You have to look at origins, and lineage of style to understand the philosophies

Qi, Yin Yang theory if you want to understand how the philosophy transforms all energy in to form, matter, non matter, nothingness.....

The qualities and functions of Qi, Shen, Jing, Xue, and Yin Yang with its relationship to the universe phase of Qi and the "Eight Rays of Light" AKA the Pa Gua.

For example: The ancient Shen Mi Wen Hua of China used the power of long observing, studying the universe with the purpose of bringing heaven and earth together in the physical worlds, which gives immortality. Bringing the unseen vibrational world in harmony with the physical world, to control, fold time and space, to enter different realities, dimensions, and portals of everything possible in the universe on a macro level and the micro level - humans.
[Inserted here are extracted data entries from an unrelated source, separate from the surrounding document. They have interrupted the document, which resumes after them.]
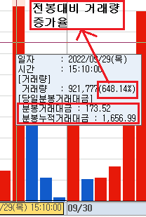1. 분봉 상 전봉대비 증가율을 볼 수 있게 하고 싶습니다.
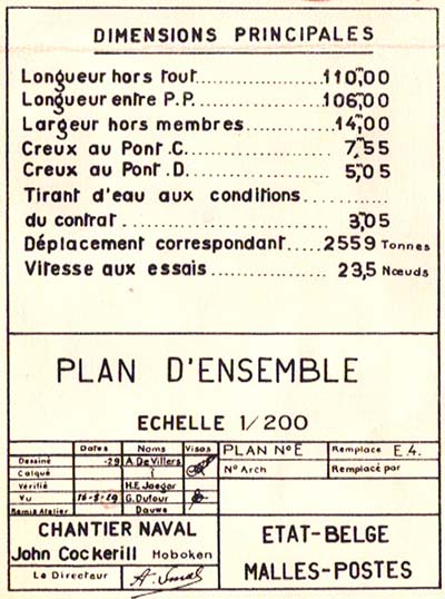 De Prinses Joséphine Charlotte werd op 28 juni 1930 bij Cockerill als yardnummer 644 te water gelaten.
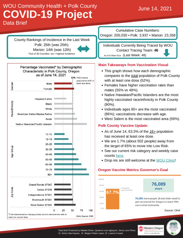 COVID-19 Project Data Brief (WOU Community Health + Polk County), June 14, 2021
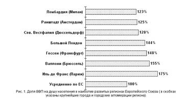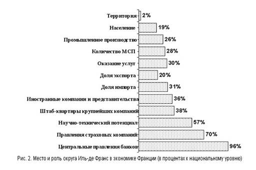 Крупные города оказывают мощное социально-экономическое влияние на развитие прилежащих территорий, соседние города и поселения. Это обусловлено также целенаправленным взаимодействием властей регионального, городского и местных уровней в поиске наиболее целесообразных решений различных проблем. Ярким примером интенсивного развития является округ Иль-де-Франс (Франция), включающий Париж, образованную им метрополию и прилежащие территории. Этот регион лидирует среди крупнейших городских агломераций стран Европейского Союза по доле ВВП на душу населения в ЕС, (рис.1). На рис.2 представлены некоторые данные о вкладе этого округа в развитие национальной экономики Франции. Примечательно, что такой весомый вклад осуществлен на территории, составляющей только 2 процента территории страны, на которой сосредоточено 19 процентов всего населения и 22 процента всех рабочих мест.
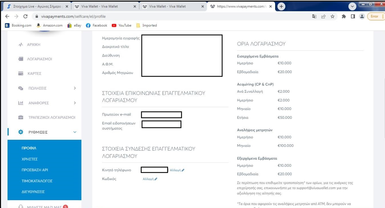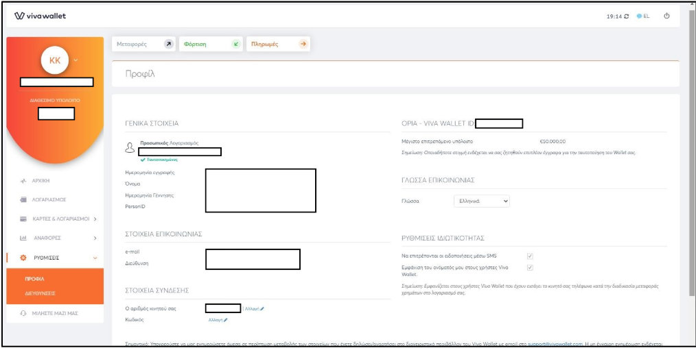 1. Από το μενού Ρυθμίσεις > Προφίλ: Θα χρειαστεί να είναι εμφανή όλα τα στοιχεία: ονοματεπώνυμο, email, viva wallet αριθμός κινητού τηλεφώνου
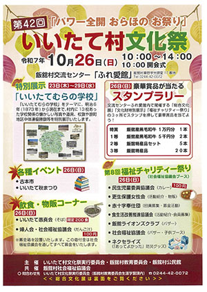 飯舘村では、「パワー全開 おらほの お祭り」第42回いいたて村文化祭を開催いたします。特別展示は「いいたてむらの学校」をテーマに、学校関係の懐かしい写真や道具、校旗や原町地区中体連優勝旗等を展示します。また、福祉チャリティー祭りや飯舘村商工会主催のいいたて秋まつりも同時開催。ステージイベントや出店もありますので、飯舘村交流センター「ふれ愛館」にぜひお越しください。
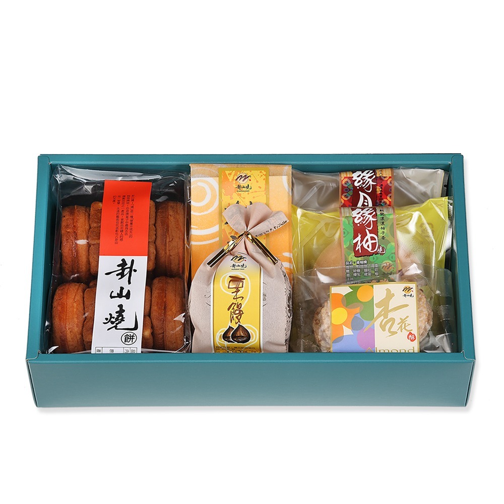 禮盒內容物 :卦山燒餅(8入,口味隨機出貨)*1 ,杏花酥*1 , 桔福*1 , 栗饅*1 , 緣月(柚)燒*2 。
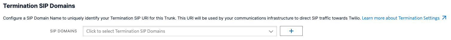 Now, scroll down to the Termination SIP Domains and click the plus button to create a new SIP Termination endpoint.

Basically, they were taoist wizards, and understood conduits and gateways of energies associated with directions in the universe(s) and would harness energy or qi while fighting and they also knew by were their opponent would gravitate to, fully understand all of that persons weakness. this is what is called the way - Tao

“He would also like to fly” Chang Si, 1156 - 1161

If you want to know more about the traditional science behind the philosophy, and actually learn how to harness the qi of the universe, feel free to ask away.